-- MATERIAL PROVIDED follows --

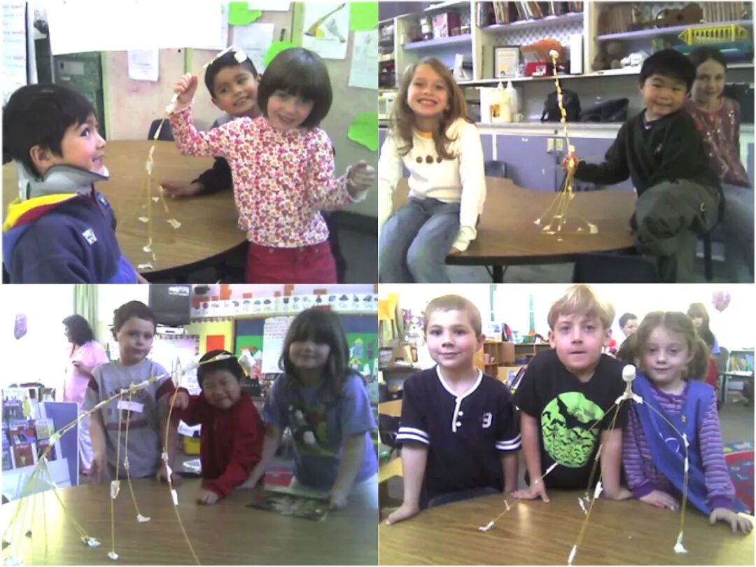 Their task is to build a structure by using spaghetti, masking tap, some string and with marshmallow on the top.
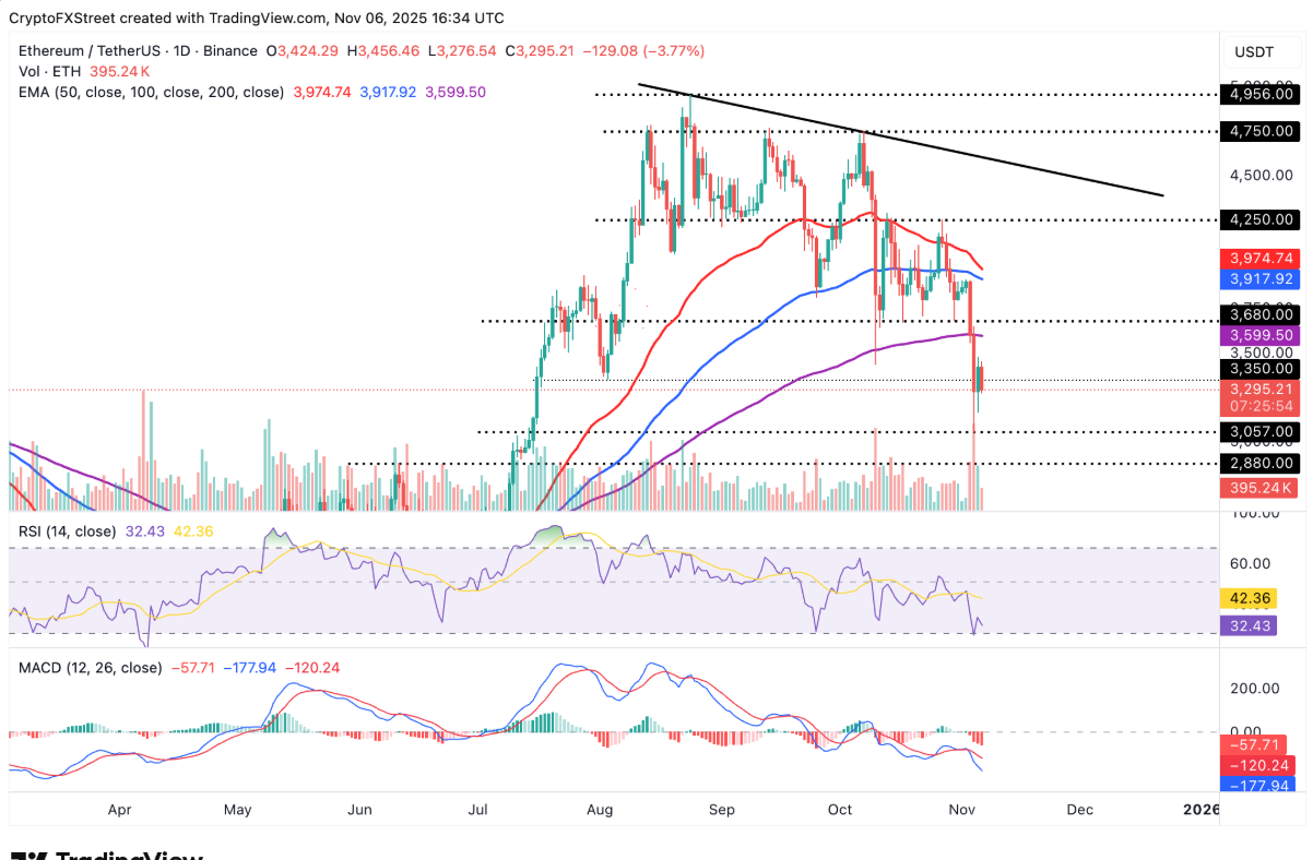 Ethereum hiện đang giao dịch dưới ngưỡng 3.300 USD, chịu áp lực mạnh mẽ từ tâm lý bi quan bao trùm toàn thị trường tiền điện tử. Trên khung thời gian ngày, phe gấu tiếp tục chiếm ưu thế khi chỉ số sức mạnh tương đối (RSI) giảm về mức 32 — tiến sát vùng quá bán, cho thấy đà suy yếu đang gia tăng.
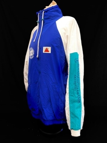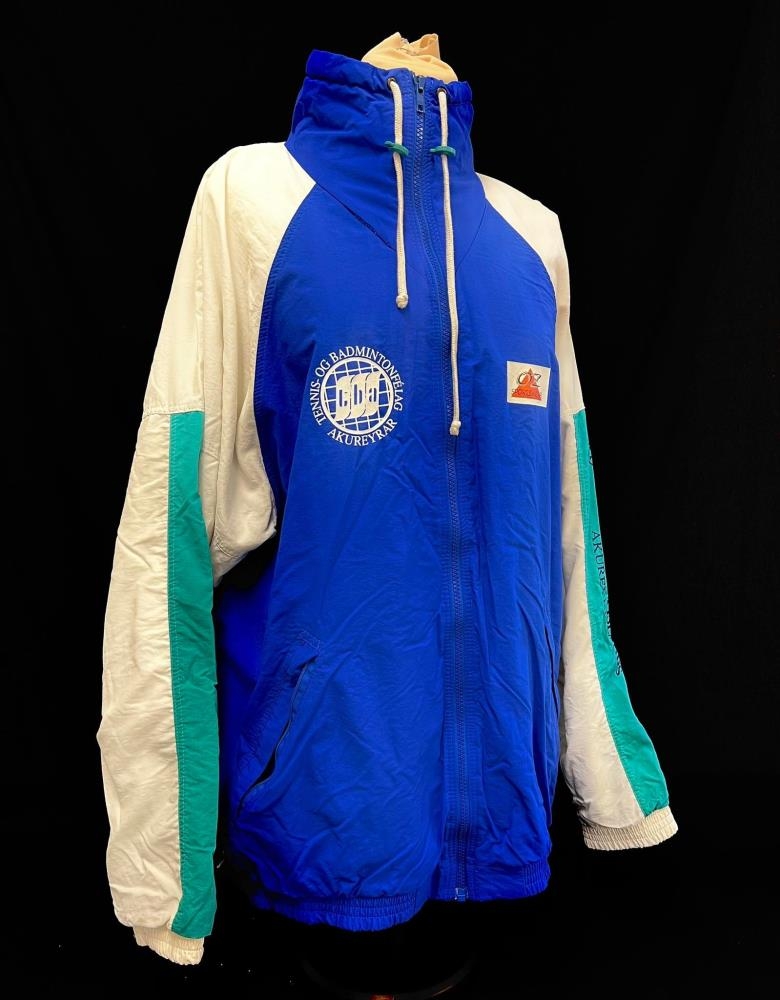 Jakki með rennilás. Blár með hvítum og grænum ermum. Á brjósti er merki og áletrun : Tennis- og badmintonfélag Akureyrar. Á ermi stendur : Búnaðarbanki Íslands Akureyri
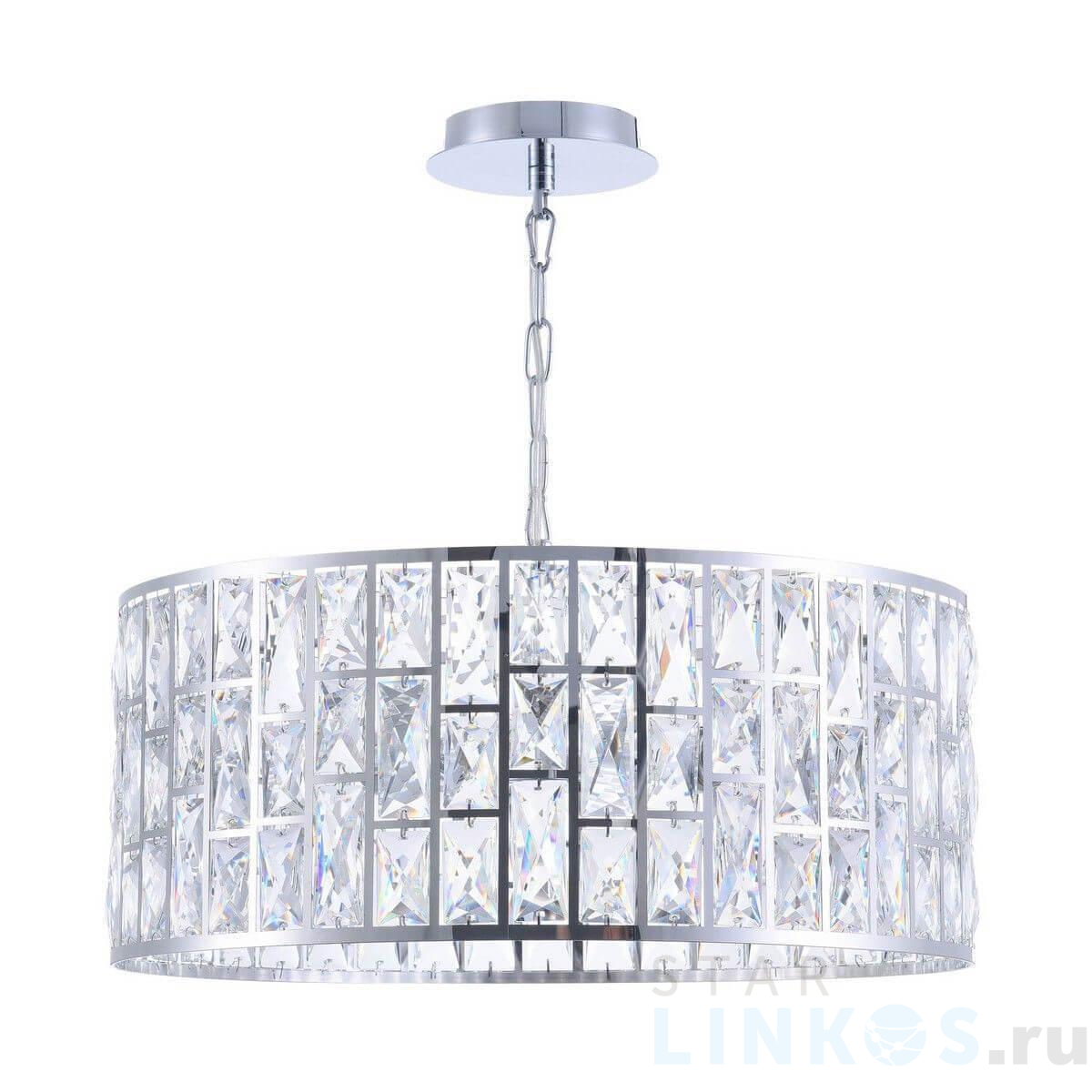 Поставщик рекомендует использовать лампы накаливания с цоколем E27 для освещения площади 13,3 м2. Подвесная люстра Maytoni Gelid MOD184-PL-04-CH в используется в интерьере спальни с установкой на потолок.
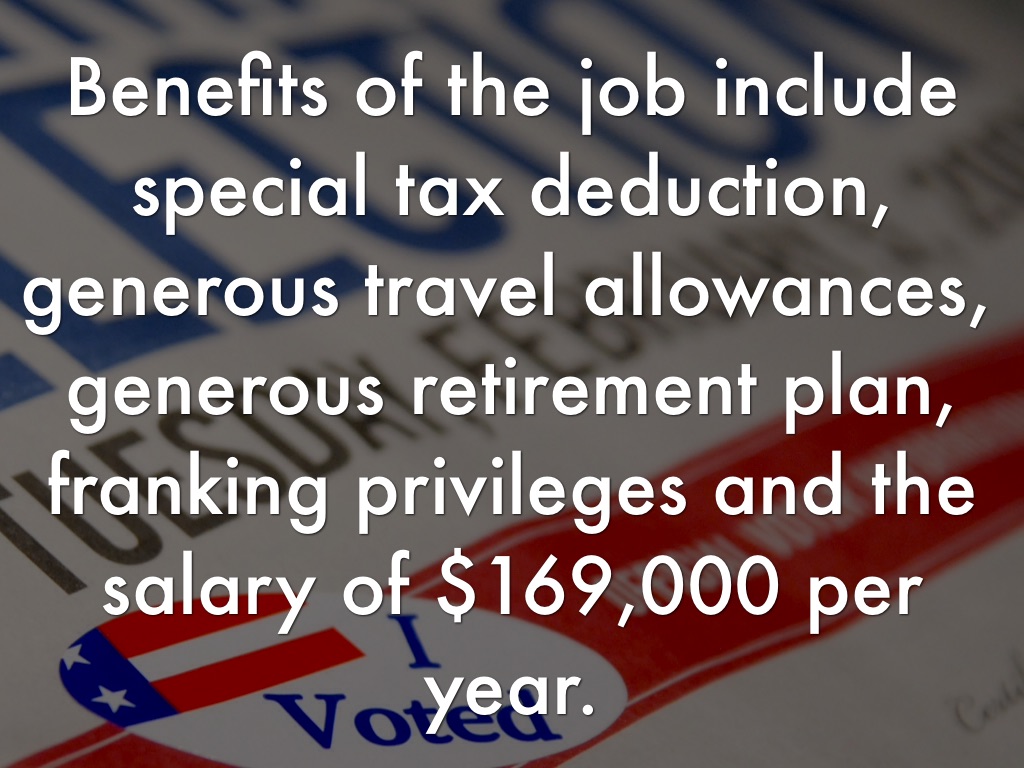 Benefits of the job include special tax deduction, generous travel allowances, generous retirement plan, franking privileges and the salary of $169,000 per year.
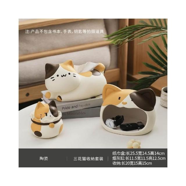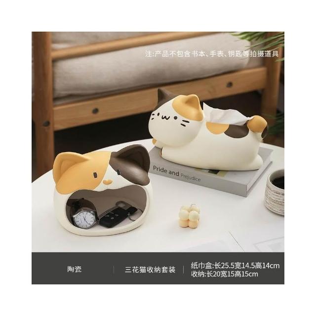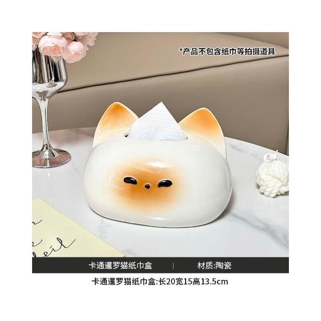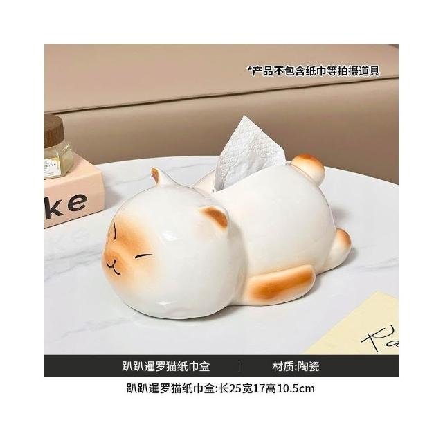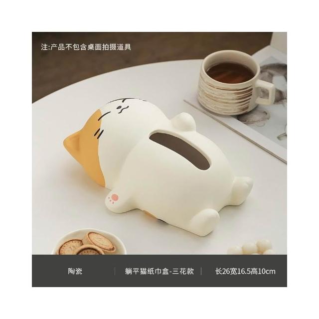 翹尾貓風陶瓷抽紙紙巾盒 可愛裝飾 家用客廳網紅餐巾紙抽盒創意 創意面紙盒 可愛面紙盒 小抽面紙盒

-- MATERIAL PROVIDED concluded --

YOUR ASSIGNMENT |
Output only the lines from the one that contains "Benefits of the" to the end of the entries above, both end lines included, and drop the pictures.

EXERCISE RESPONSE |
 Benefits of the job include special tax deduction, generous travel allowances, generous retirement plan, franking privileges and the salary of $169,000 per year.
 翹尾貓風陶瓷抽紙紙巾盒 可愛裝飾 家用客廳網紅餐巾紙抽盒創意 創意面紙盒 可愛面紙盒 小抽面紙盒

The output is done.